Город не принимает
Очень крупный беляк сидел на заднице. Длинные уши опущены к полу и заведены за спину. Передние лапы – два понурых отростка, имевших недоношенный вид, – безвольно висели над брюхом. Между задними лапами, разваленными по сторонам, зияли лепестки гениталий, во всем их блеске взорванной мякоти апельсина или раскрытых веером жабр. Причем левую заднюю лапу заяц (или уж тогда зайчиха?) подобрал под себя. Внимание привлекал коленный сустав. Он был явно увеличен. Гипертрофирован? Я уставилась на это надутое колено. И вдруг, в один миг, меня пронзила трезвость. Боже, я вспомнила, где я его видела: везде. Так выглядело любое человеческое колено подогнутой человеческой ноги – обыкновенная коленная чашечка под кожей, натянутой до глянца. Я огляделась. По плоскости видимого беззвучно прокатилась рябь с эффектом стерео. Человеческие черты полезли из зверей – колени, локти, ягодицы, предплечья. Они всплывали на поверхность зримого, как пузыри на воде, – пивные животы, обвисшие щеки, сухие старческие щиколотки, характерно стекающая ткань икры с острой женской голенной кости. Из животных проступили люди. Господи, люди. Вот что казалось нам тогда странным. Это были люди, тщательно замаскированные под животных. То есть это были, конечно, козы, и, конечно, зайцы, и, конечно, шакалы, волки, олени, да, да, и они на первый взгляд были точными копиями – слепками с самой природы, ведь даже головки половых членов не бросались в глаза, вернее, бросались, но только во вторую очередь – в первую бросалось сходство: животные как живые, гиперреализм, черт, черт, черт.

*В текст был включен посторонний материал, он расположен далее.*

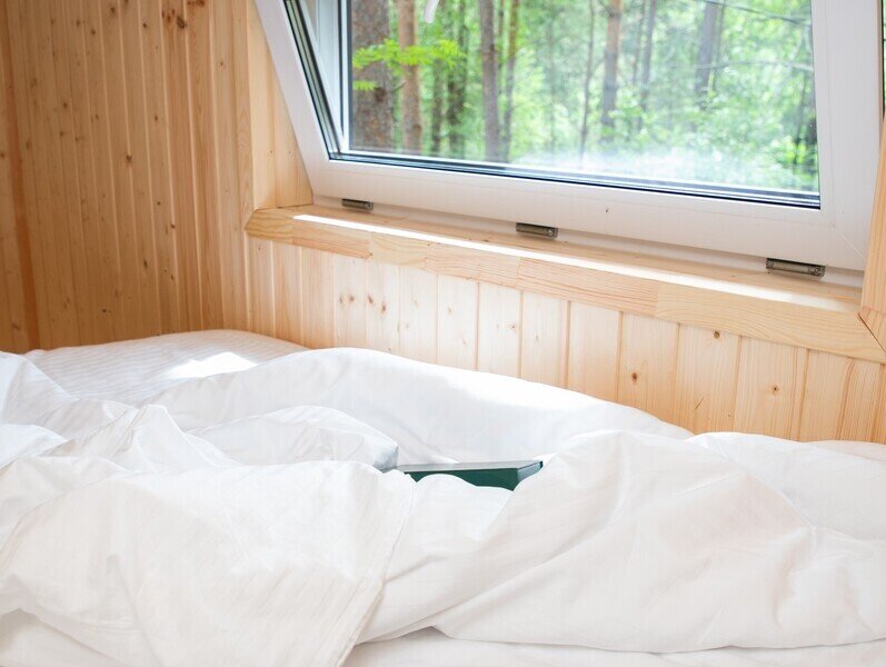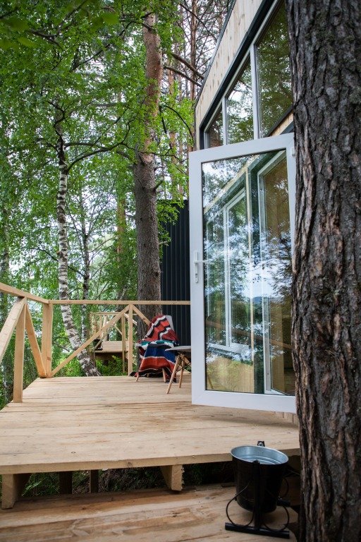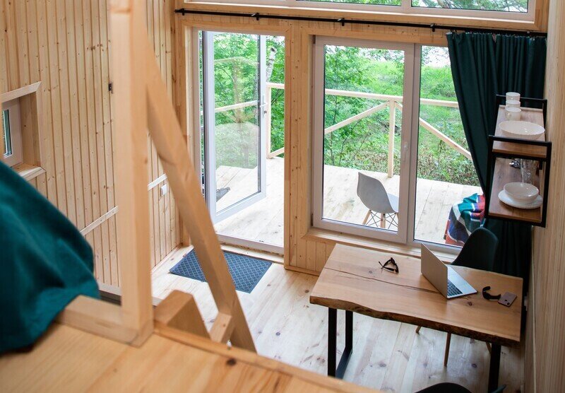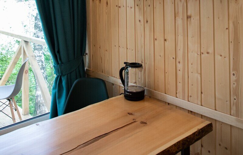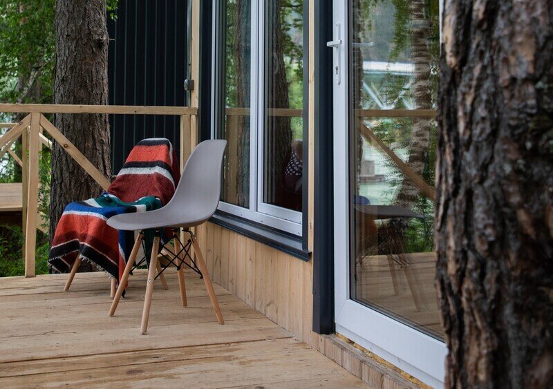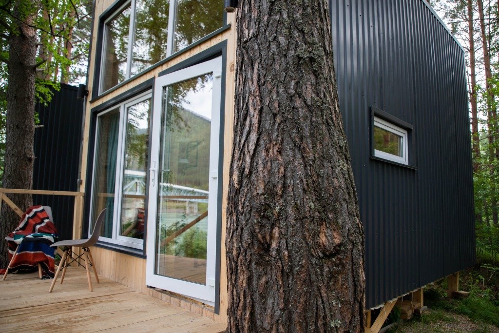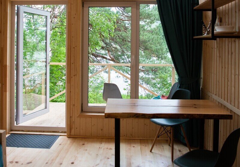 Глэмпинг «Камышла», укрытый сосновым лесом, предлагает комфортабельные дома с потрясающим видом на речную гладь.
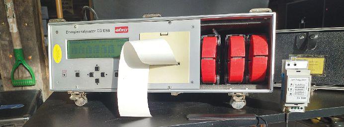 This is my old Ebro EB 1288 Energieanalysator. To the right, an example of the device we use now, which can be placed hundreds of miles away and monitored from the comfort of my office. (Author photo.)
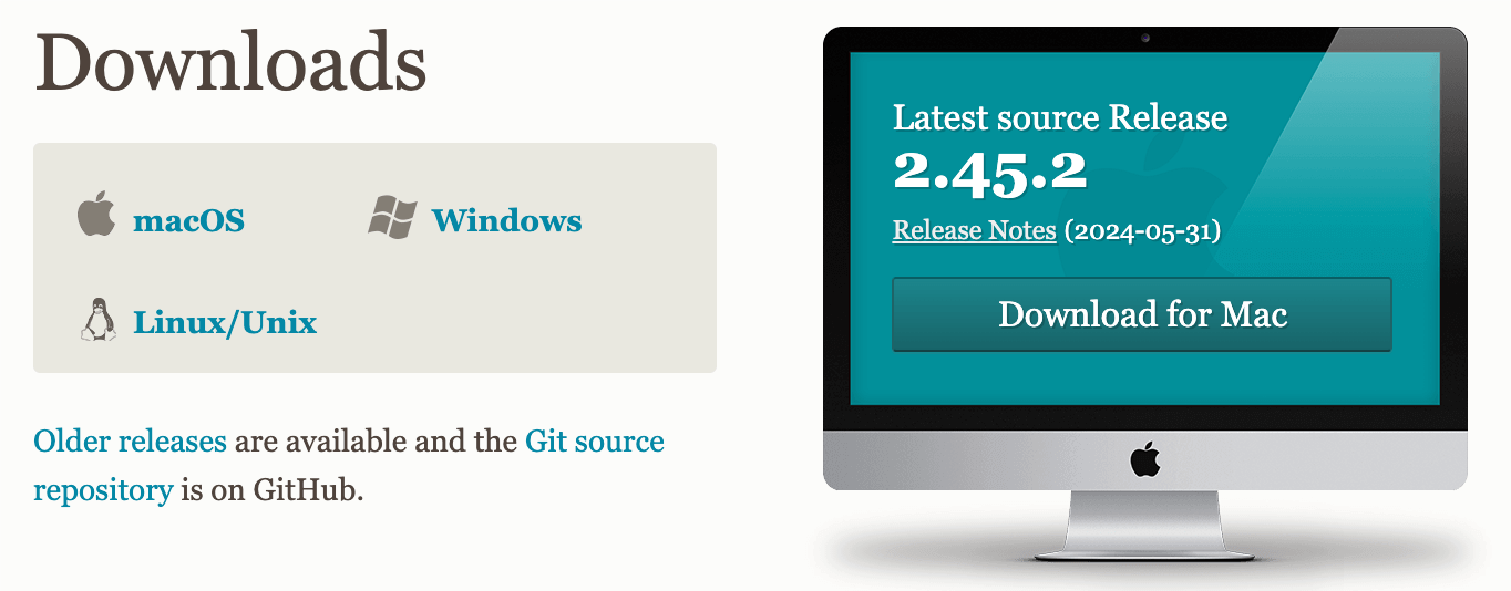 Git 各平台安装包下载地址为:http://git-scm.com/downloads
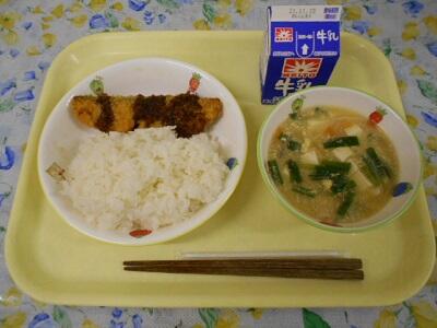 わかめごはん、イワシのカレー竜田揚げ、肉じゃが、牛乳
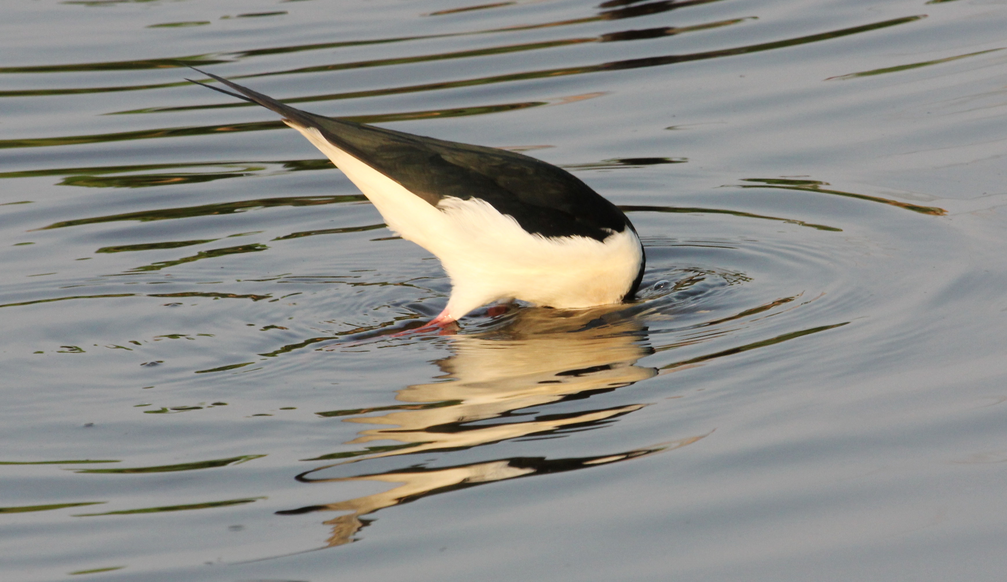 The water level is very low now, so this little Black-necked Stilt had no trouble finding teeny fish and other delicacies with his long pointy beak as he foraged for dinner last night at sunset.
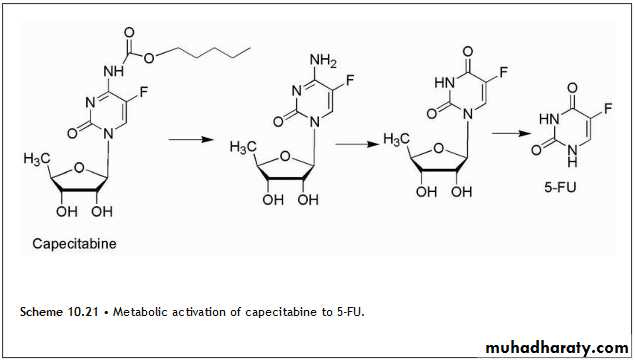 The carbamate derivative of 5′-deoxy-5-fluorocytidine is known as capecitabine, and it is converted to 5-FU through a series of activation steps. The activation sequence is shown in Scheme 10.21.
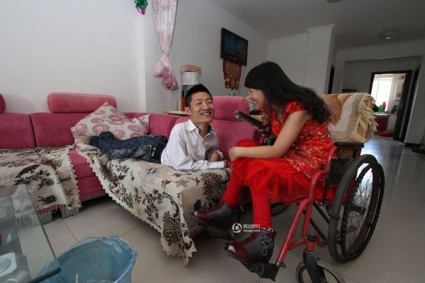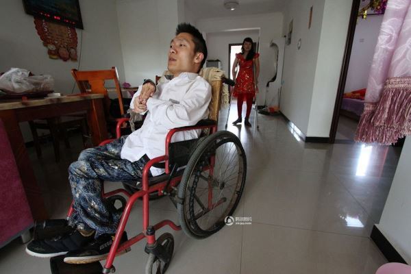 5月20日,河北廊坊,张磊在家活动时坐轮椅,妻子雪儿则是拄拐。张磊,今年28岁,廊坊人,十个月大时开始患病四肢肌肉逐渐出现萎缩。庞雪儿,30岁,甘肃庆阳人,2009年一场车祸导致脊椎受损,肇事司机逃逸。原本相距1100多公里的两个陌生人,因为共同的音乐爱好有了交集。

Я пошла по залу. Теперь я увидела их. Мне удалось то, что не удалось в первую встречу. Я увидела их. И они ответили мне взаимностью: животные со мною заговорили. Та самая козочка, с кронштейном в жопе, в «березке наоборот», сказала: «Я на грани. Но я делаю вид, что это норма. Потому что так принято». Заяц с расколотым пузом сказал: «Я люблю пить. Я лопнул от того, что выпил слишком много. Но я не мог остановиться. У меня нет воли. Моя любовь оказалась сильнее меня. Но я не делал ничего плохого. Я просто любил пить». Козлы-геи сказали хором: «У нас вечный стояк. Двадцать четыре часа в сутки. От этого мы страдаем бессонницей. Женщина быстро кончается. У нее слишком хрупкое влагалище. После того как влагалище ломалось, мы пробовали трахать женщину в мозги. Но и это не помогло. Мы решили трахать друг друга, представляя, что кто-то из нас двоих – женщина». Заяц, пробитый чугунным ломом, сказал: «Я истекаю кровью. Я умру через десять минут. Но я не могу в это поверить. Я никогда не смотрел реальности в лицо. Не могу посмотреть и сейчас. В любом случае смерть лучше, чем прощание с иллюзиями». Олениха с повязкой на глазах сказала: «Те, кто ослепил меня, сильнее. Их много. Они диктуют. И если они попросят меня раздеться на сорокаградусном морозе догола, мне придется сделать и это». Заяц, зажатый в каменной коробке, сказал: «Я проснулся в гробу. Я всю жизнь боялся этого. И теперь, когда это произошло, я спрашиваю себя: это произошло потому, что я этого боялся? Или я боялся этого, потому что чувствовал, что это обязательно произойдет?» Постепенно их голоса слились в гул, от которого воздух плавился и дрожал, как над огнем. Я закрыла рот руками. Африканский кофе скребся наружу, расцарапывая мне пищевод. Дверь хлопнула. Строков принес бутылку красного водянистого мерло, впрочем, теперь, на отдалении, мне кажется, что в те времена мы пили только такие – кислые, худые соки отечного винограда, всходящего из неведомых, малых и небогатых, набрякших от дождей земель.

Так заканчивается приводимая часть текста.